Мы были ошеломлены. Тоненькая девушка, дерзкая и независимая – такой её здесь знали. А мы… Если живьём «Тихую маленькую смерть» видели только мы с Эрвином, то остальные были прекрасно о ней наслышаны и знали по легендарному портрету.
– Это, что, Белобрысая Бестия? – шептались они. – Та самая?
Она была очень красива – все сейчас убедились в этом. А ещё что-то детское, наивное жило в её чертах.
Изо рта девчонки пошла вода. Она оживает? «Давай, дура…» – злился я. За собравшейся толпой послышался шум, и она расступилась перед майором.
– Что здесь происходит?
Я посильнее надавил ей на грудь – воды изо рта и носа вышло ещё больше. Увидев девчонку, которую пытались вернуть к жизни трое пленных, майор побледнел.
– Наташка, генеральская дочка, утопилась, – доложил конвой.
Прилипшая к телу сорочка не скрывала девичьих форм.
– Вы бредите, сержант? – Борис подхватил её на руки, прежде завернув в своё пальто. – Она оступилась и случайно упала в воду, разве непонятно?

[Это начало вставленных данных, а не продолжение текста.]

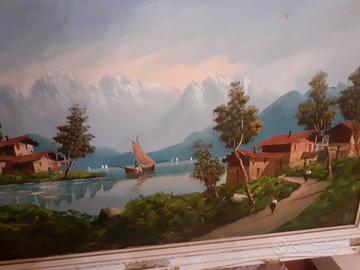 Grande olio su tela di grandi dimensioni con cornice originale piccoli difetti e segni di usura che non ne compromettono la bellezza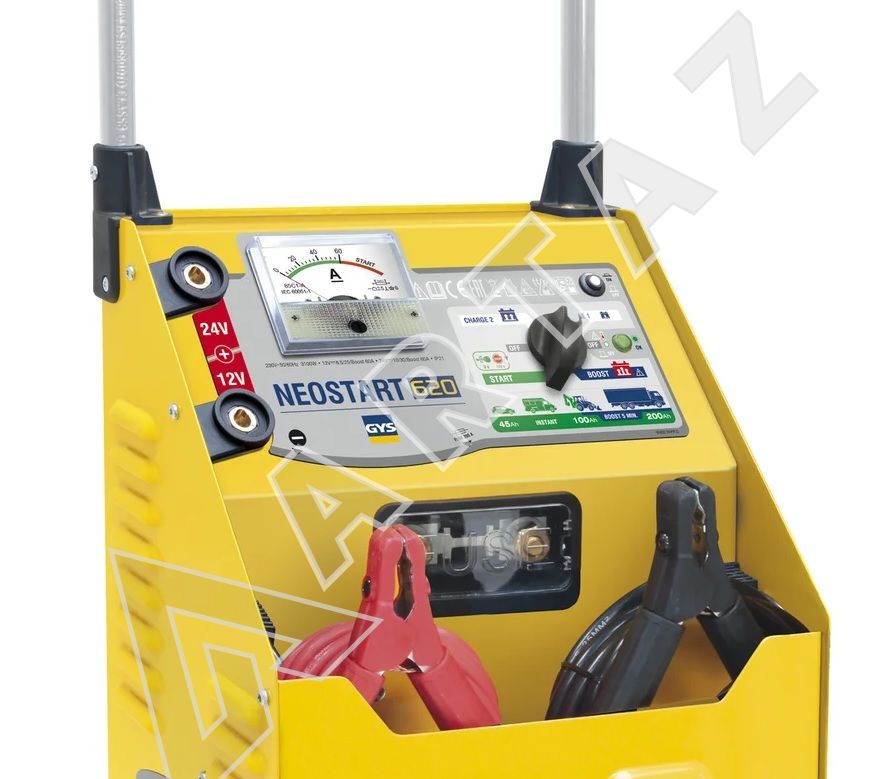 Пуско-зарядное устройство GYS NEOSTART 620 представляет собой профессиональный инструмент для комплексного обслуживания аккумуляторов с напряжением 12 и 24 В. Оно предназначено для использования в автосервисах и специализированных станциях технического обслуживания, где требуется надежный и эффективный пуск и заряд различных аккумуляторных батарей.

Он даже на нас троих и не взглянул, скорей унося отсюда ни на грамм не порозовевшее тело. Все усилия были тщетны.
Я только сейчас почувствовал, как меня колотит.

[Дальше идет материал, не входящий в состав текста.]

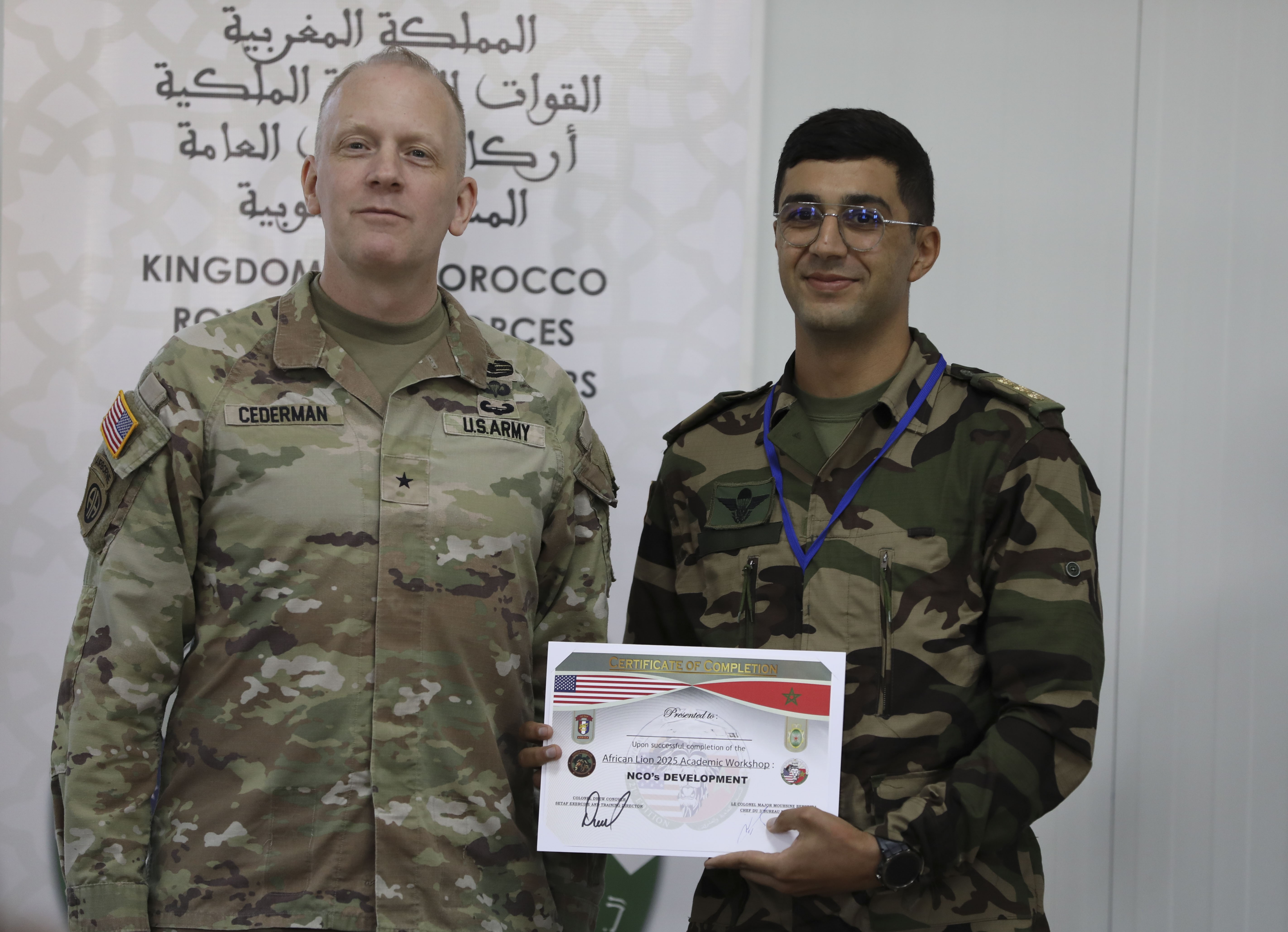 U.S. Army Brig. Gen. Daniel Cederman, deputy commanding general, U.S. Army Southern European Task Force, Africa (SETAF-AF), presents a certificate of completion to a Royal Moroccan Armed Forces soldier at a noncommissioned officer (NCO) development workshop during African Lion 2025 (AL25) in Agadir, Morocco, May 12, 2025. NCO development strengthens leadership, decision-making and adaptability, ensuring enlisted leaders are prepared to meet the dynamic challenges of future operations. AL25, the largest annual military exercise in Africa, brings together over 50 nations, including seven NATO allies and 10,000 troops to conduct realistic, dynamic and collaborative training in an austere environment that intersects multiple geographic and functional combatant commands. Led by U.S. Army Southern European Task Force, Africa (SETAF-AF,) on behalf of the U.S. Africa Command, AL25 takes place from April 14 to May 23, 2025, across Ghana, Morocco, Senegal, and Tunisia. This large-scale exercise will enhance our ability to work together in complex, multi-domain operations—preparing forces to deploy, fight and win. Altered for security purposes. (U.S. Army Reserve photo by Sgt. Daniel Alejandro Luna)

– Укройте его! И работать. Быстро!
Мне кинули моё пальто, сброшенное у берега. Мы возвращались в лес как в тумане.
– Почему упала? В сорочке-то? Ясно же, что самоубилась, – переговаривался конвой.
– То-то и оно. Самоубийство у нас по какой статье?
Я что-то тесал, пилил, обрезал, таскал. Я как-то жил. Я шёл за всеми. Я жил – за всеми. Я просто был.
Мы все были пришиблены синим телом выдающегося врага восточного фронта. Вечером уже весь лагерь только о Бестии и говорил, обсуждая, как же ловко она всех вокруг пальца обводила. Но почему-то никто не высказал свою ненависть.
Эрвин пошёл перед сном по нужде – странные гавкающие звуки остановили его. Он заглянул в узкое пространство между бараками: там безутешно, во весь голос выл, причитал, рыдал его капитан. Бройт повторял всё время одно и то же: «Живи, Рыжий, живи, мерзавец!», и эти слова снова и снова обрывались рыданием.
***
Я не помнил, как кто-то поднял меня и повёл. Я был не в себе и не мог понять, что же так вдруг сломало меня. Столько мёртвых я видел. И сам так часто делал из живых – мёртвых. Их тела становились безобразными.
Какая-то дверь в хорошо освещённую комнату распахнулась передо мной.
– У него пневмония. Он сегодня побывал в ледяной воде.
Меня кто-то перенял у моего поводыря, а потом всё смазалось и стало чёрным – я потерял сознание.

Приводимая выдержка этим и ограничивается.